EXERCISE PROMPT: Only the lines below from the one containing "Når du træder" through the one containing "масло, сахар |" belong in the answer, repeated exactly and without pictures.

**** SUPPLIED MATERIAL ****

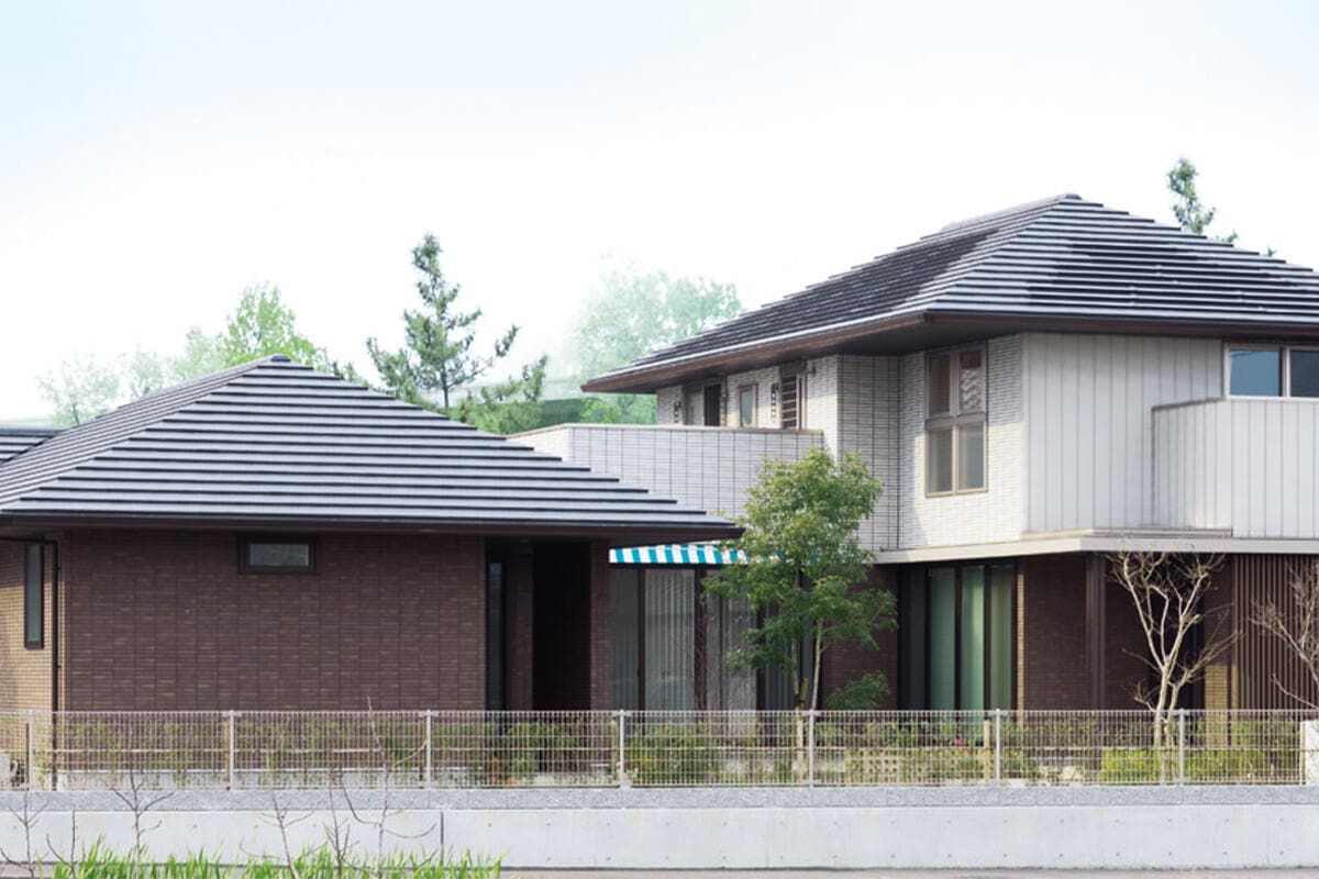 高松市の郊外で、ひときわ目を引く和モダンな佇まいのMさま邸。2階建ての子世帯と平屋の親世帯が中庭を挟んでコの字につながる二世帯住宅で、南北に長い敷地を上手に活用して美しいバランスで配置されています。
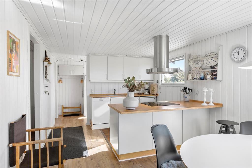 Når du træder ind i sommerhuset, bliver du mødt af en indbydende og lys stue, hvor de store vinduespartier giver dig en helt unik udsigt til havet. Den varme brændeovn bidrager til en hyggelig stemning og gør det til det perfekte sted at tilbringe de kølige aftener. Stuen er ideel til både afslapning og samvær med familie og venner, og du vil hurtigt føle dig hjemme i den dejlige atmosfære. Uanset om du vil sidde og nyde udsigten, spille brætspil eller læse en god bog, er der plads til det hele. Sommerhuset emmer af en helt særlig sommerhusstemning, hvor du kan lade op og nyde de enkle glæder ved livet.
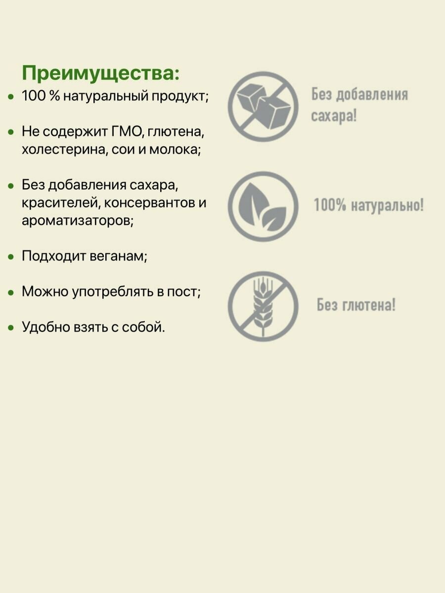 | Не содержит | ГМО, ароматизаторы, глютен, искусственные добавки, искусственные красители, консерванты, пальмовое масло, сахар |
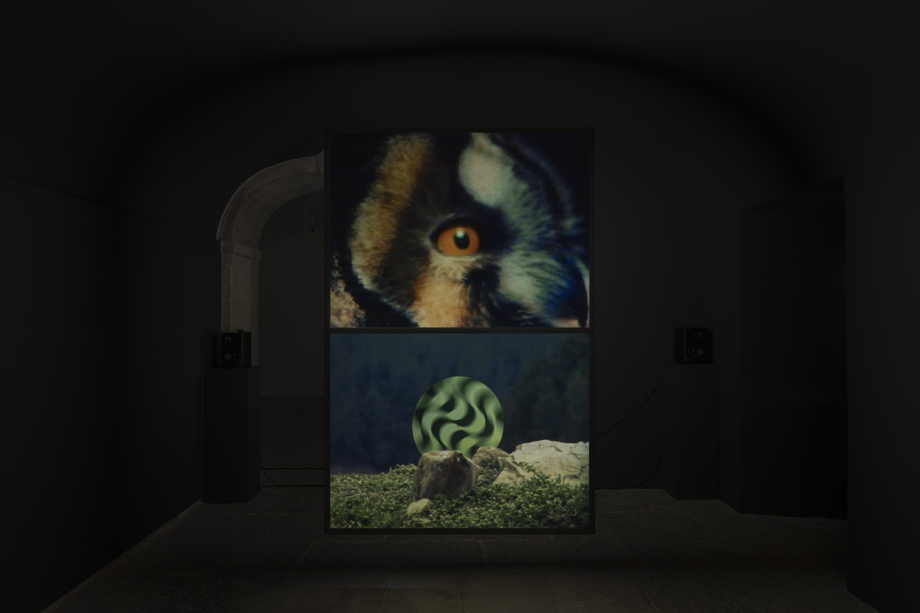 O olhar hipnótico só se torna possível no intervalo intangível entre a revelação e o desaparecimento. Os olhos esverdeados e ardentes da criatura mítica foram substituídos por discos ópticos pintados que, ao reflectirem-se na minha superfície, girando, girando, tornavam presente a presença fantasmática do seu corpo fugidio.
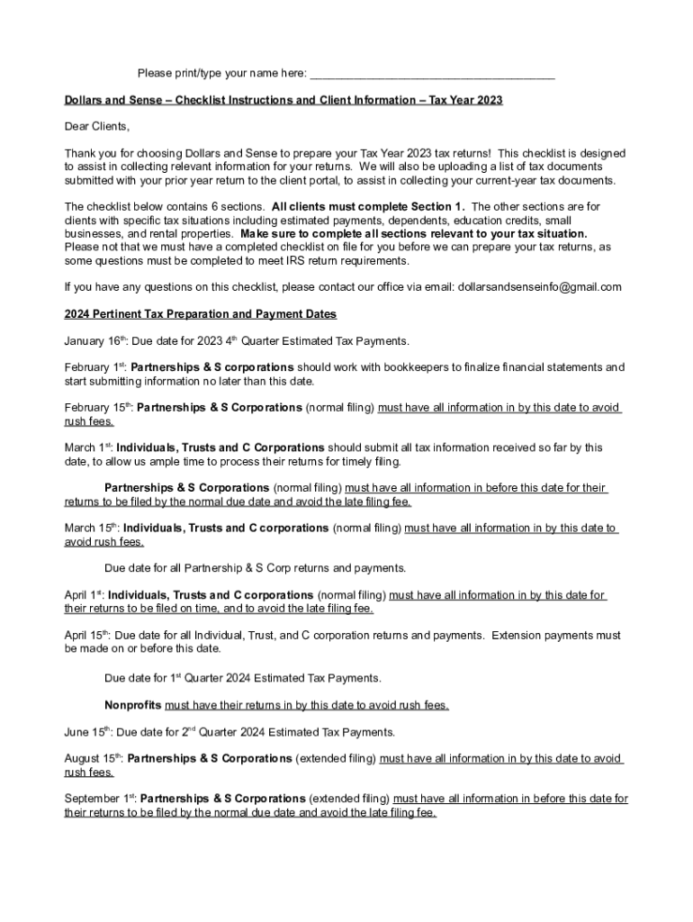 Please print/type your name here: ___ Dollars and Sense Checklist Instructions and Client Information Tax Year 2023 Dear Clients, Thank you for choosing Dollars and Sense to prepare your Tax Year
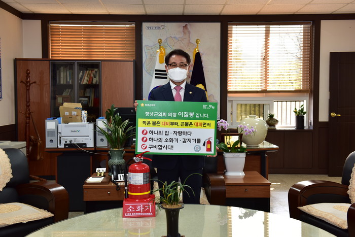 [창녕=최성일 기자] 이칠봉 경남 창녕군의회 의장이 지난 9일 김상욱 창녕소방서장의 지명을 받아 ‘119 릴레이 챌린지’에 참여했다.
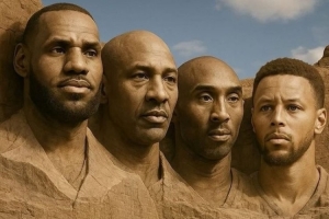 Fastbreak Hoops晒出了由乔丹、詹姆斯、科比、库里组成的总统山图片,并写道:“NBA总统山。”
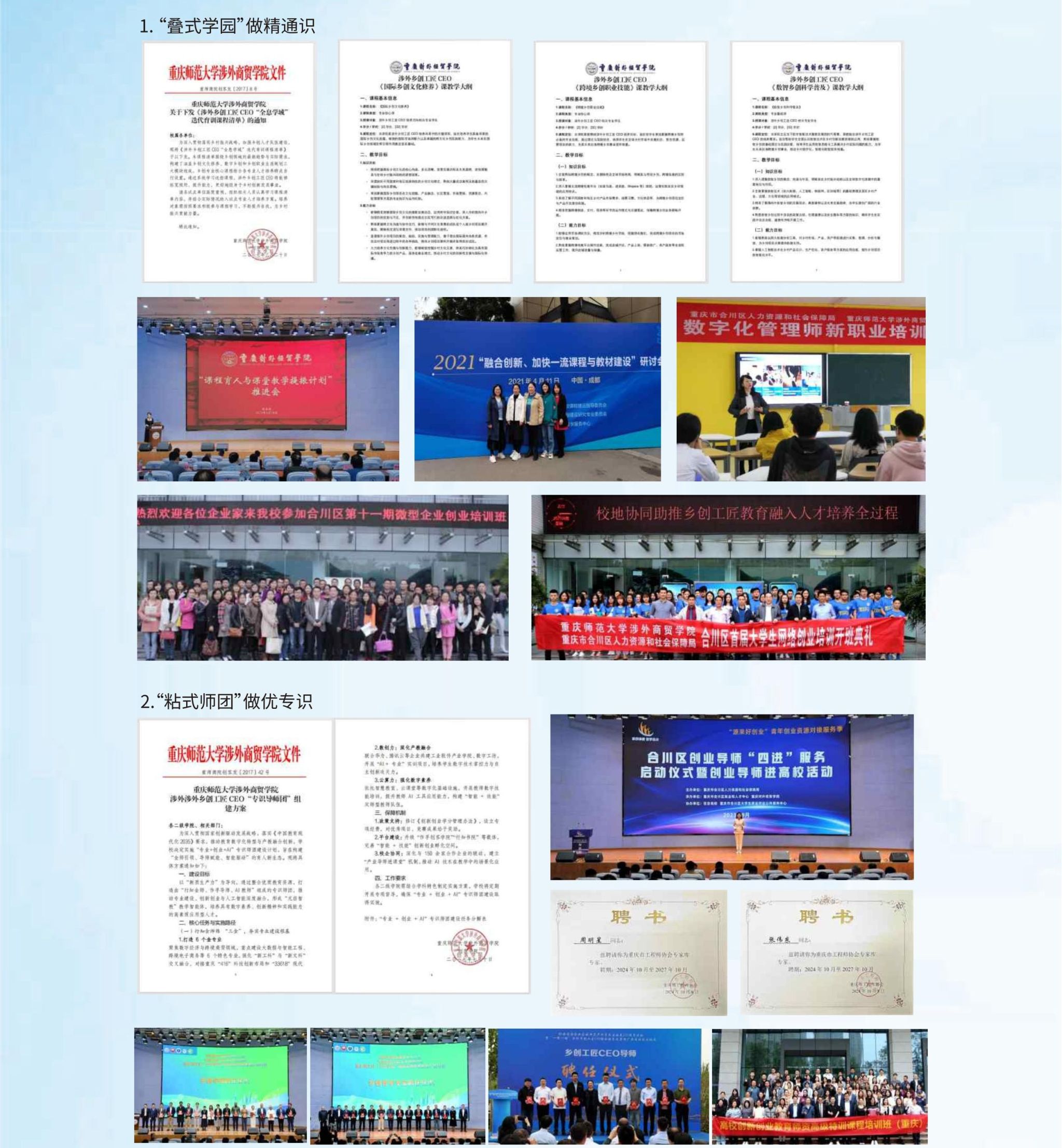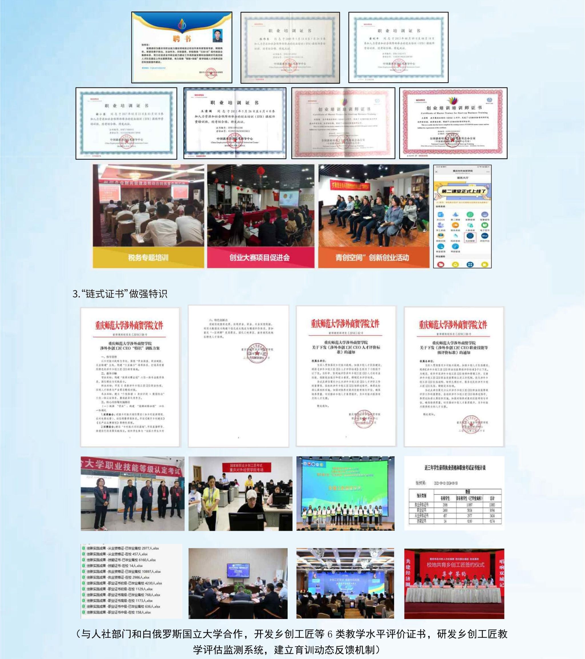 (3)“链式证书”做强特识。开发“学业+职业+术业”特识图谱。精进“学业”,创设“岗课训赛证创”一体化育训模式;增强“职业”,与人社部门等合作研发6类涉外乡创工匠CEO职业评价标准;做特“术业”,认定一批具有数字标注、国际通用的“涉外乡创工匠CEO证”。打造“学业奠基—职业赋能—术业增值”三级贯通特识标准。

****

ANSWER BOX:
 Når du træder ind i sommerhuset, bliver du mødt af en indbydende og lys stue, hvor de store vinduespartier giver dig en helt unik udsigt til havet. Den varme brændeovn bidrager til en hyggelig stemning og gør det til det perfekte sted at tilbringe de kølige aftener. Stuen er ideel til både afslapning og samvær med familie og venner, og du vil hurtigt føle dig hjemme i den dejlige atmosfære. Uanset om du vil sidde og nyde udsigten, spille brætspil eller læse en god bog, er der plads til det hele. Sommerhuset emmer af en helt særlig sommerhusstemning, hvor du kan lade op og nyde de enkle glæder ved livet.
 | Не содержит | ГМО, ароматизаторы, глютен, искусственные добавки, искусственные красители, консерванты, пальмовое масло, сахар |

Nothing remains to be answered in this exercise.